Objective: Compare the speed of scraping execution from huge file of csv
"""
# TODO:
# 1. Re-create previous function by using yield
# 2. Compare the time execution and give your insight

In [None]:
""" 
Objective: Using yield for scraping
"""

import requests
from bs4 import BeautifulSoup


# Scrape product data from a list of URLs
def scrape_product_urls(urls):
    """
    Scrape product URLs from a list of pages.
    """
    all_product_urls = []
    for url in urls:
        print(f"Scraping: {url}")

        # TODO: 
        # 1. Get the html response of the page url
        # 2. Extract the items url into all_product_urls

    return all_product_urls

# Main execution
if __name__ == "__main__":
    page_urls = [
        "https://books.toscrape.com/catalogue/page-1.html",
        "https://books.toscrape.com/catalogue/page-10.html",
        "https://books.toscrape.com/catalogue/page-200.html",
        "https://books.toscrape.com/catalogue/page-20.html"
    ]
    product_items = scrape_product_urls(page_urls)
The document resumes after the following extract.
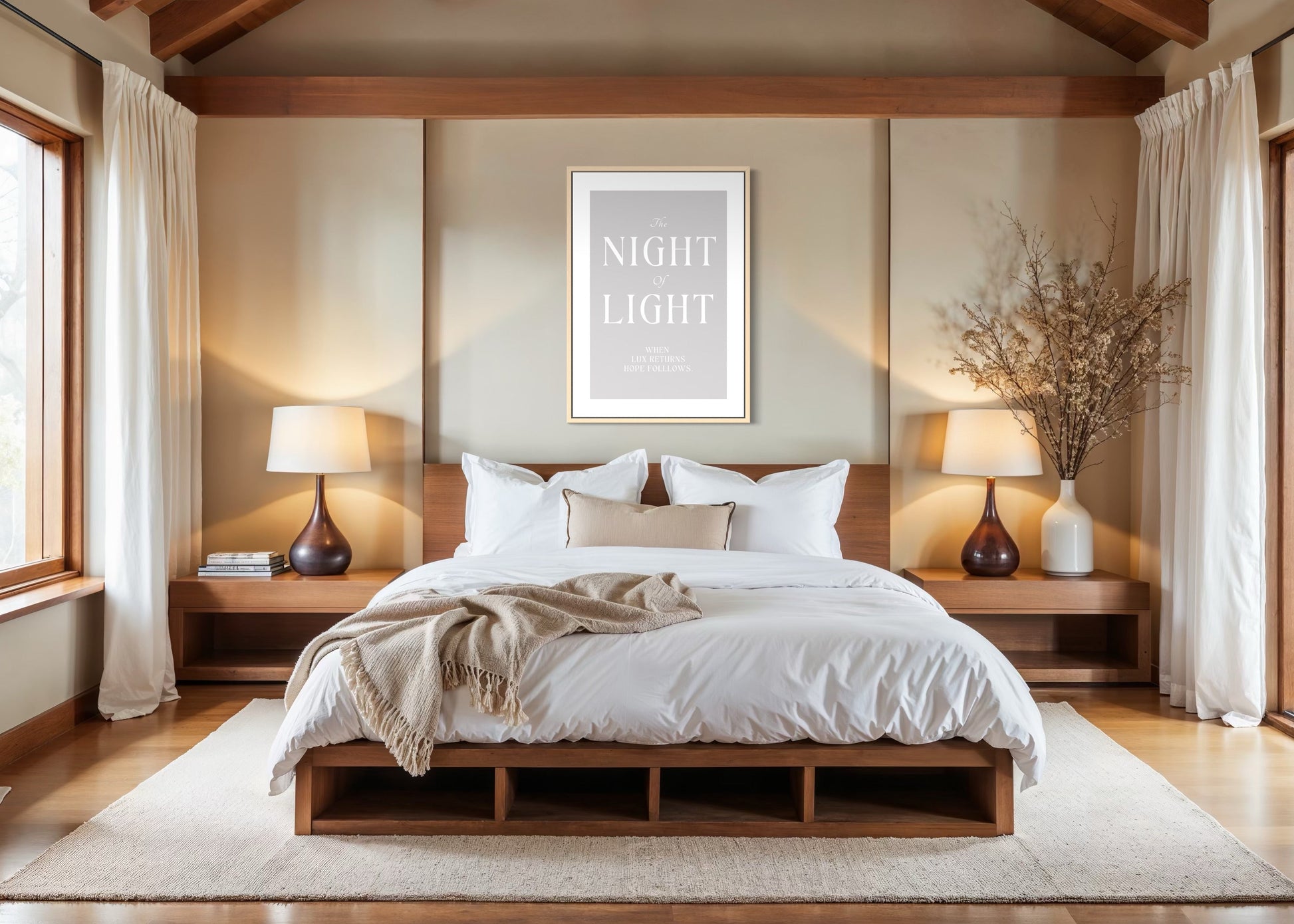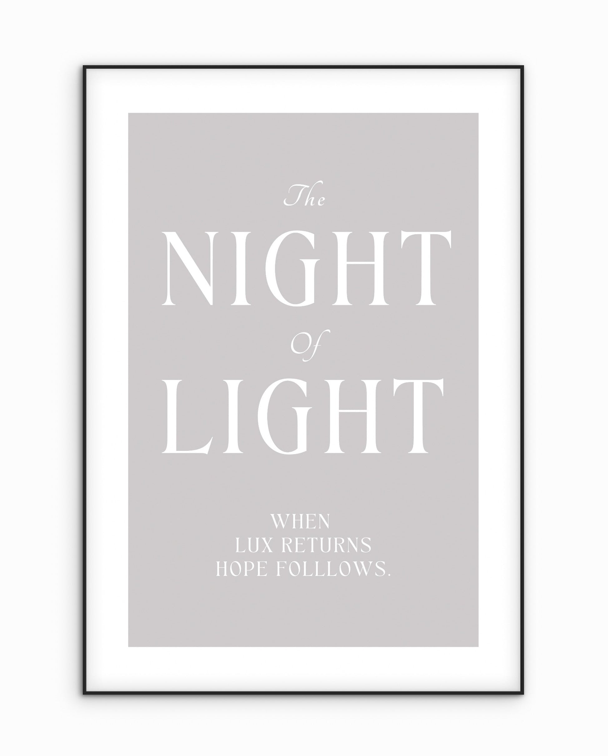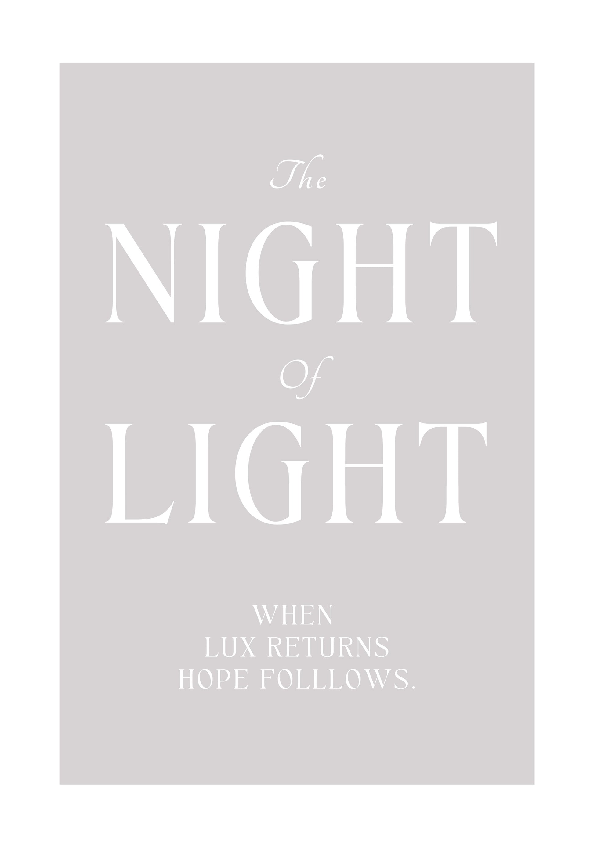 The Night of Light är en typografisk poster med vit text mot en ljusgrå bakgrund, inramad av generösa vita kanter. Orden är få och placerade med omsorg, där kontrasten mellan stor och liten typ skapar rytm och balans.

    # Print the extracted product URLs
    for item in product_items:
        print(item)

In [None]:
""" 
Objective: Using yield for scraping
"""
# TODO: 
# 1. Update previous code by using yield

In [None]:
""" 
Objective: Using yield for scraping
"""
# TODO:
# 1. From your last assignment, update your code by using yield
# 2. Create a new branch and push into github
# 3. Put the URL here

### **Reflection**
If you have a lot of memory, do you think you still need a generator? Give me your reason!

(answer here)

### **Exploration**
In Python, generators and iterators are both essential tools for working with sequences of data. However, we only covers the generators topic here. Explore about the iterators!